Problem requirements. Return the listing in full and exactly, but without a single picture.

[[ Given material open ]]

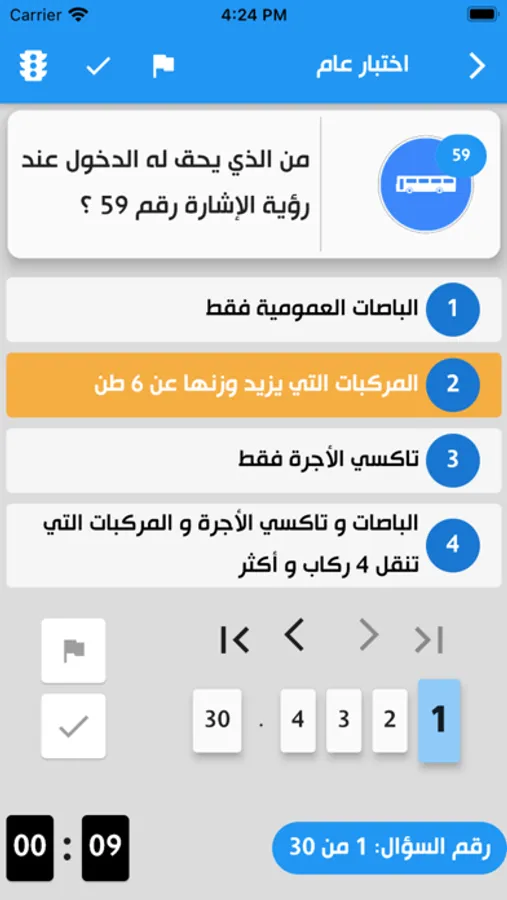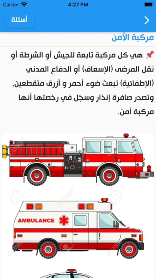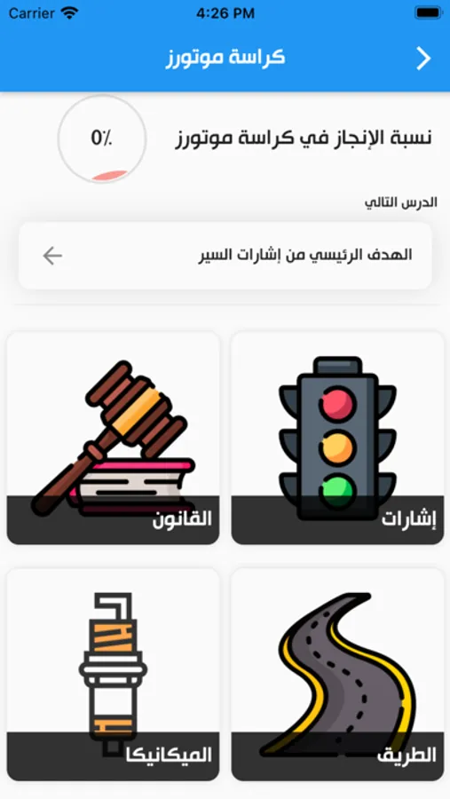 * تقييم البرنامج لجهوزية الطالب للاختبار النظري (يقدم البرنامج نصائح للطالب لضمان نجاحه بالاختبار من أول مرة)
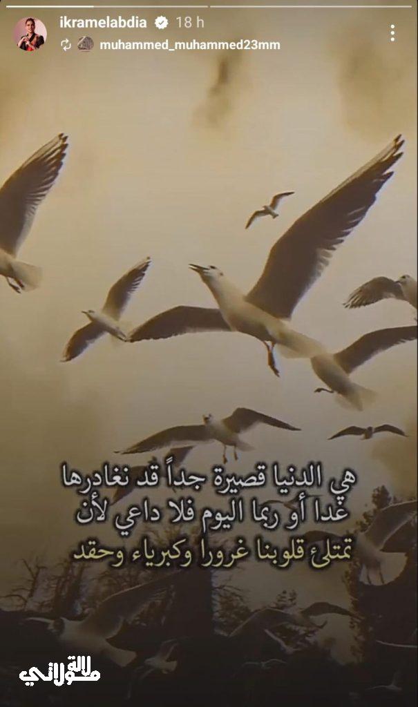 وتحتوي التدوينة التي نشرتها إكرام العبدية على ما يلي:”هي الدنيا قصيرة جداً قد نغادرها غداً أو ربما اليوم فلا داعي لأن تمتلئ قلوبنا غرورا وكبرياء وحقد”.
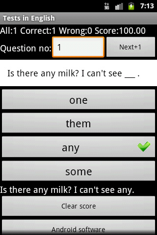 Aplikace je určena pro mobilní telefony a tablety s o.s. Android 2.1 a vyšším. Obsáhlý test z angličtiny čítající 500 otázek vhodný pro přípravu nejen na maturitní zkoušky, ale i pro zlepšení pochopení anglické gramatiky. Otázky testují například psaní a, an, the před podstatnými jmény dále používání any, many, much, little, lot, as - as, atd. V testu můžete pokračovat zadáním příslušné otázky v rozsahu 1 až 499 a kliknutím na tlačítko Next+1. Po načtení otázky vyberte slovo, které je nejvíce vhodné, jako náhrada mezery (______) v zadané otázce. Pokud zvolíte správnou odpověď, tak na příslušném tlačítku, které jste stiskli se objeví zelený háček (zaškrtnutí), v opačném případě se objeví červený křížek. Pokud na otázku nechcete odpovídat, zmáčkněte Next+1. V indikátoru statistiky se zobrazuje počet otázek a úspěšnost odpovědí.
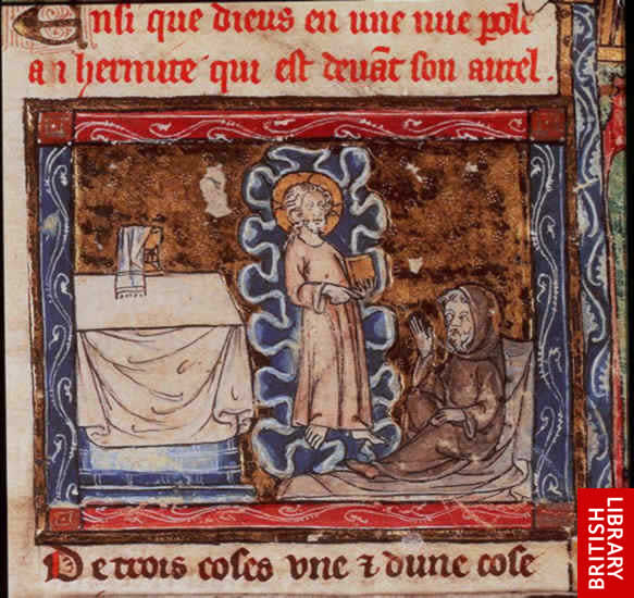 Christ appears to a hermit in a vision, holding a book containing the true history of the Holy Grail. From History of the Holy Grail, French manuscript, early 14th century

[[ Given material closed ]]

Solution to this exercise.
 * تقييم البرنامج لجهوزية الطالب للاختبار النظري (يقدم البرنامج نصائح للطالب لضمان نجاحه بالاختبار من أول مرة)
 وتحتوي التدوينة التي نشرتها إكرام العبدية على ما يلي:”هي الدنيا قصيرة جداً قد نغادرها غداً أو ربما اليوم فلا داعي لأن تمتلئ قلوبنا غرورا وكبرياء وحقد”.
 Aplikace je určena pro mobilní telefony a tablety s o.s. Android 2.1 a vyšším. Obsáhlý test z angličtiny čítající 500 otázek vhodný pro přípravu nejen na maturitní zkoušky, ale i pro zlepšení pochopení anglické gramatiky. Otázky testují například psaní a, an, the před podstatnými jmény dále používání any, many, much, little, lot, as - as, atd. V testu můžete pokračovat zadáním příslušné otázky v rozsahu 1 až 499 a kliknutím na tlačítko Next+1. Po načtení otázky vyberte slovo, které je nejvíce vhodné, jako náhrada mezery (______) v zadané otázce. Pokud zvolíte správnou odpověď, tak na příslušném tlačítku, které jste stiskli se objeví zelený háček (zaškrtnutí), v opačném případě se objeví červený křížek. Pokud na otázku nechcete odpovídat, zmáčkněte Next+1. V indikátoru statistiky se zobrazuje počet otázek a úspěšnost odpovědí.
 Christ appears to a hermit in a vision, holding a book containing the true history of the Holy Grail. From History of the Holy Grail, French manuscript, early 14th century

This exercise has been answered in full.